On a very fundamental level, the Internet is a network. What does network mean here? You can think of a network as a large group of computers (including mobile devices, smart TVs, web servers, and any other device that allows you to send and receive information) communicating and sharing information with one another. It's like a digital community where devices are linked, allowing them to talk and share data. How is all this possible? Well, this is possible because of the infrastructure in place. So, let's delve into what this infrastructure is and explore it on a technical level.

Infrastructure

Recall when I mentioned that the internet essentially involves a bunch of computers talking to each other? Now I want to dig into something important. It's called a 'Network Protocol.' What's that? Well, think of it as a set of rules that computers follow when they talk. It's like their language for swapping information, making sure they understand each other clearly.

Let's bring in an analogy here: imagine two people attempting to communicate—Person A speaks only English, and Person B speaks only French. Person A asks, 'Where can I get food in this area?' to Person B, who looks utterly confused and doesn't understand a word. The problem? They lack a common language. This scenario mirrors computer communication. When two computers need to exchange information, they must agree on a common "language"—that's the protocol.

To properly understand how the Internet works, we must talk about the five layers that make this beautiful thing we call the Internet:

1. The Application Layer: This is where we come in; it's like the surface level where we use apps and internet services, such as email, browsers, or file sharing. Think of it as a user-friendly playground. The languages (protocols) spoken here include HTTP, SMTP, FTP, and WebSocket; they help these apps chat with each other.

2. The Transport Layer: The Transport Layer acts like a courier or delivery service in the internet world, focusing on local delivery. Here, 'local delivery' refers to the immediate network connected to your device. This network may include your modem, routers, MiFi devices, and the services provided by your Internet Service Provider (ISP). Essentially, the Transport Layer ensures safe and reliable message delivery within this local network, handling the initial stages of communication before messages are forwarded to the broader internet. When you click the "send" button in an application, the transport layer takes charge of the safe and reliable delivery within your immediate network. It ensures that messages or data packets move securely between devices within the local environment. There are two key protocols in this layer: TCP (Transmission Control Protocol) and UDP (User Datagram Protocol). These protocols not only ensure secure local delivery but also provide services like error detection, correction, and flow control. In summary, the Transport Layer, operating at a local level, ensures messages between apps on different devices within the same network are sent reliably, quickly, and without errors.

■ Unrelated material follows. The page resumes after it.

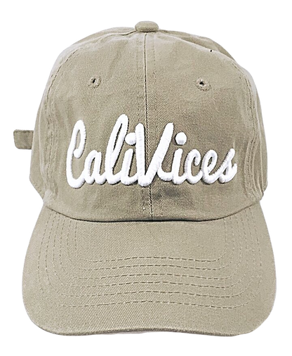 CaliVices logo baseball dad cap with gold buckle availabe in many colors, great for lazy hair day or to wear out at your favorite cafe or lounge
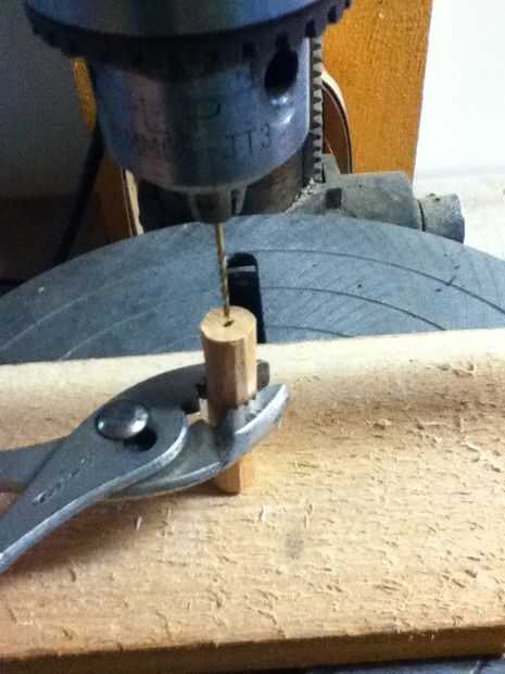 Poner un punto en el centro de cada extremo. Porque no muy largos (Yo utilicé una broca de 1/16) brocas pequeñas probablemente deberás ir a cada lado. Después de la perforación, pegar el alambre a través para asegurarse de que los orificios de conexión.

3. Network Layer: You can think of this layer as a navigator for the courier/delivery service (Transport Layer). When you hit "send" and the Transport Layer takes charge, the Network Layer comes into play to guide the messages from your device to their destinations across the vast internet. It's like the navigator that helps our courier service find the best route to deliver your messages. This layer houses one of the most important protocols in the protocol stack, which is the IP (Internet protocol). This protocol assigns unique addresses (IP addresses) to devices on the network. You can think of an IP address as a bit like your device's location in the digital world. IP enables the efficient routing of messages, ensuring they reach the correct destination, even if it's on the other side of the world. So, while the transport layer focuses on local delivery, the network layer oversees the broader journey, making sure your messages traverse the internet and reach their intended recipients through the most efficient paths. In essence, it's the network layer that guides your messages across the global digital landscape, which is why I referred to it as a navigator.

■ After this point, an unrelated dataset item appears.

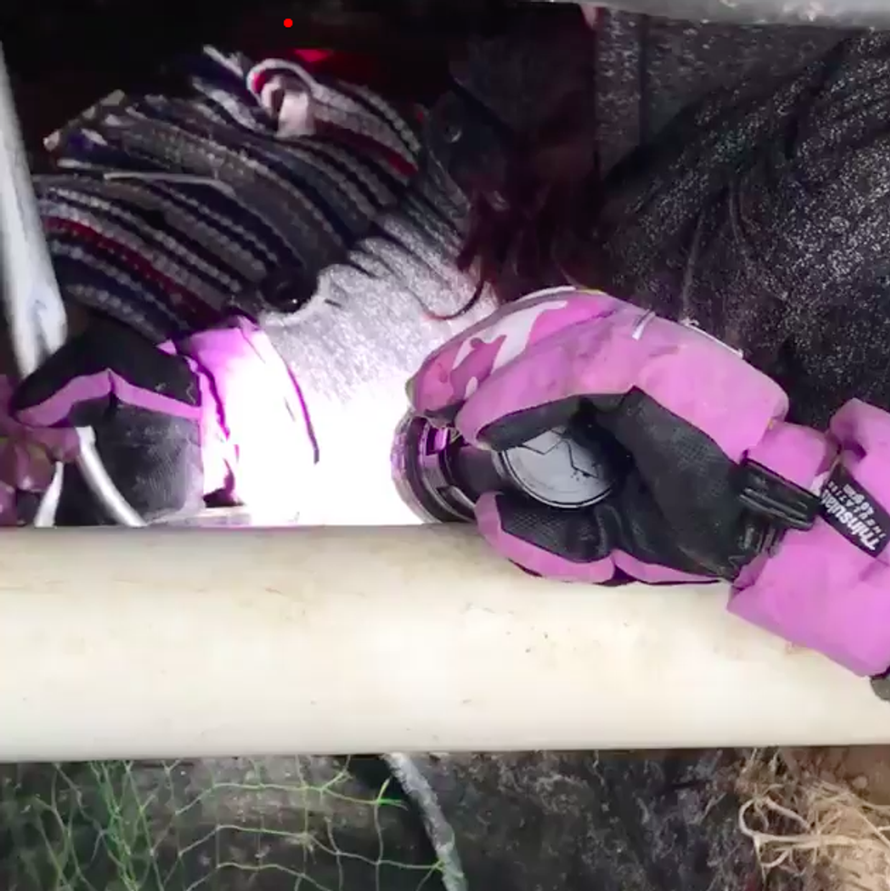 As they went under the trailer, they found two kittens trapped in a six foot deep hole in the ground. One of them had passed away. The surviving tabby kitten was exhausted from trying to climb up the hole. She couldn't grab onto the wall and slid down every time she tried.

4. Link Layer: Think of your devices in a network like houses on a street. The network layer, which handles assigning IP addresses, is like the street address for your devices. It ensures each device has a unique 'street address' so they can be located globally. Now, when messages reach the "street" (local network), they need to find the right 'house' (device). This is where the Link Layer, our friendly postman, comes in. When you hit "send" and the Transport Layer does local delivery, the Link Layer takes over. It's like our diligent postman making rounds, delivering digital letters to various houses on the same digital street. The Link Layer works with MAC addresses, which are like the house addresses in your local network. Each device has a unique MAC address, just like each house has a unique address on a street. The Link Layer uses these addresses to efficiently navigate the digital neighborhood, making sure your messages find the right digital doorstep. So, while the Network Layer plans the big-picture journey and global navigation, the Link Layer acts as the local courier, managing direct communication within your immediate digital community. It ensures your digital messages are delivered reliably and swiftly to their digital neighbors. Examples of link-layer protocols include Ethernet, Wi-Fi, etc.

5. Physical Layer: Imagine your digital messages as packages, and within each package are tiny, essential pieces called bits. The Network Layer plans the big routes for these packages; the Link Layer is the local courier delivering entire packages between houses (devices); and then we have the unsung hero, the Physical Layer. The physical layer deals with the bits inside each package. It's like the worker who carefully handles the tiniest pieces, making sure they travel smoothly and reliably from one digital doorstep to another. If the Link Layer (our postman) moves entire packages between neighbors, the Physical Layer ensures that every tiny bit inside these packages finds its way securely. Think of bits as the smallest building blocks of your digital messages, and the Physical Layer is the expert in moving these bits effectively, adapting its methods based on the 'digital road' used, whether it's twisted pair copper wires, fiber optics, or another medium. So, in simple terms, the Physical Layer is the behind-the-scenes hero, taking care of the smallest details and ensuring that every tiny piece (bit) of your digital messages reaches its destination intact.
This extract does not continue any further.